May 31, 2008 03:31
Подумали-подумали - и решили, что всё-таки надо дать еще один теоретический кусок из нашего трактата, потому что он напрямую относится к обсуждаемой нынче теме. Не дожидаясь окончания эксперимента, который предложила провести Эйтне, мы предлагаем свои соображения о самосознании писателя-альтерриста и о критериях, по которым можно отличить описание подлинной альтерры от подделки под таковое.
Итак...
-----------------------------------------------------------------------------------------------------------------------------------------------------
1.2.5. Альтерристы-писатели и писатели-альтерристы
Возвращаясь к теме соотношения альтерризма с литературой, мы непременно должны остановиться на таком деликатном моменте, как САМОСОЗНАНИЕ ПИСАТЕЛЯ-АЛЬТЕРРИСТА. Поскольку связь обсуждаемых материй весьма сложна и нелинейна, степень понимания тем или иным автором сути собственного творчества бывает очень различной. Писатель может в полной мере осознавать себя как альтеррист по призванию - со всеми вытекающими отсюда не только неисчерпаемыми возможностями, но и житейскими проблемами. Легко представить себе и полностью противоположный вариант: автор увлеченно сочиняет романы "с продолжением", страстно любит своих героев, отслеживает их жизнь, бережет ткань реальности и пр.- словом, ведет себя как полагается правильному альтерристу, - но при этом безмятежно не задумывается о многих проблемах, которым посвящена наша книга. Такое возможно по причине достаточно благоприятного положения писателя в современном обществе: его деятельность в любом случае заведомо одобрена, а уж если он причислен к работникам жанра развлекательной литературы, то с него и вовсе взятки гладки. В худшем случае его назовут халтурщиком и графоманом, заявят, что после двух первых книг он, как водится, "исписался" - и продолжать его читать (и почитать!) будут по преимуществу те, кто полюбил его в качестве альтерриста, вместе с его альтеррой и его альтерритами. Разумеется, достоинств такого автора как альтерриста всё это ни в коей мере не умаляет - необходимо только, чтобы он честно исполнял свой долг по отношению к своим героям и их жизни; достоинства же художественного оформления при таком раскладе имеют мало значения.

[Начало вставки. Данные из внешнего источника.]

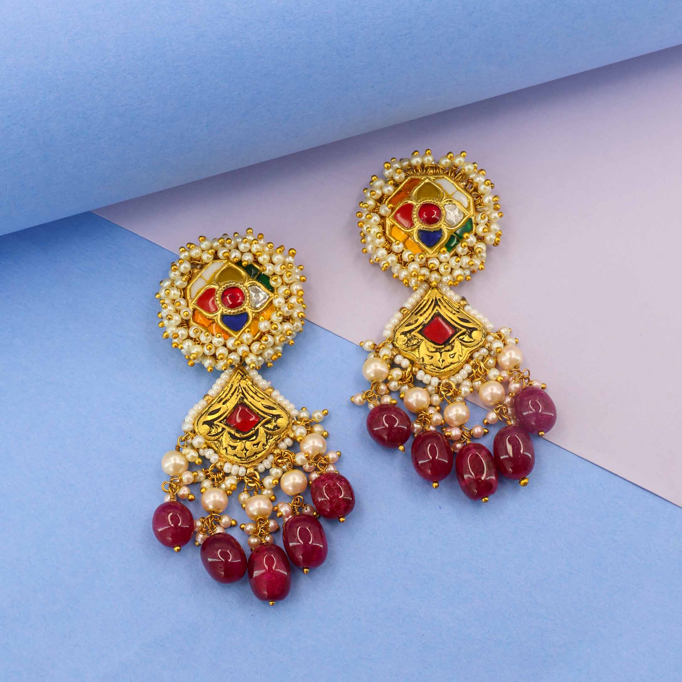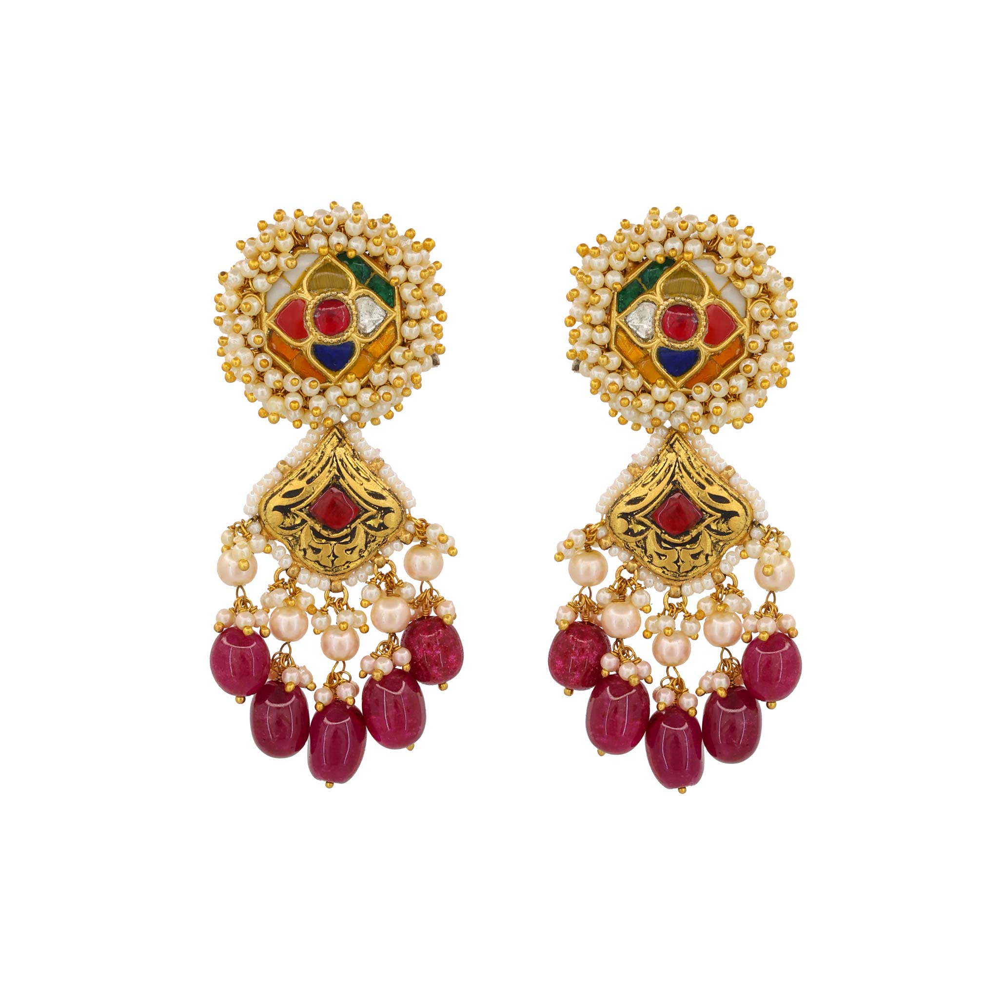 These stunning earrings feature a central **Navratna** (nine gems) design, with vibrant glass-filled stones in a traditional setting. The intricate gold and enamel work is complemented by dangling strands of lustrous pearls and deep red **ruby** beads, creating a beautiful and classic look.

Вышеозначенный момент в очередной раз свидетельствует о том, с чего мы начали изложение существа нашей книги - а именно, о взаимосвязи глубинных человеческих потребностей. Человек нуждается в том, чтобы познавать то, что находится вдали от него - вдали по времени, месту, образу действия - и одни люди могут и хотят прикоснуться к этому непосредственно, а потом поделиться тем, что им открылось, другие же испытывают потребность выслушать или прочитать о результатах чужих постижений. Первые не лучше и не хуже, не выше и не ниже вторых - существует естественное распределение дарований, и озаботиться следует лишь тем, чтобы исключить взаимное предубеждение и максимально оптимизировать процесс взаимного одарения. Одним из необходимых этапов мы считаем осознание того факта, что альтерризм и литература - вещи разные, хоть и близкие, что они имеют совершенно разные задачи - и по этой причине критерии их эффективности и качества весьма различны.
1.2.6. О признаках подлинной альтерры
на книжных страницах
Необходимо иметь в виду, что все нижеследующие соображения абсолютного характера не носят, представляя из себя скорее вектора, чем жесткие константы. Однако по совокупности обозначенных моментов может быть вынесено некоторое суждение о том, отражает ли рассматриваемое произведение жизнь конкретной альтерры - или же оно является плодом вымысла в чистом виде; произведение ли искусства порождено данным вымыслом или образец халтуры - нам в данном случае совершенно безразлично. Несомненно, для тех, кто ставит во главу угла художественное слово как таковое, предложенная нами классификация не означает ровным счетом ничего - однако мы ведь и пишем не для них, а для любителей и ценителей альтерризма.
Итак, по каким признакам можно отличить описание подлинной альтерры?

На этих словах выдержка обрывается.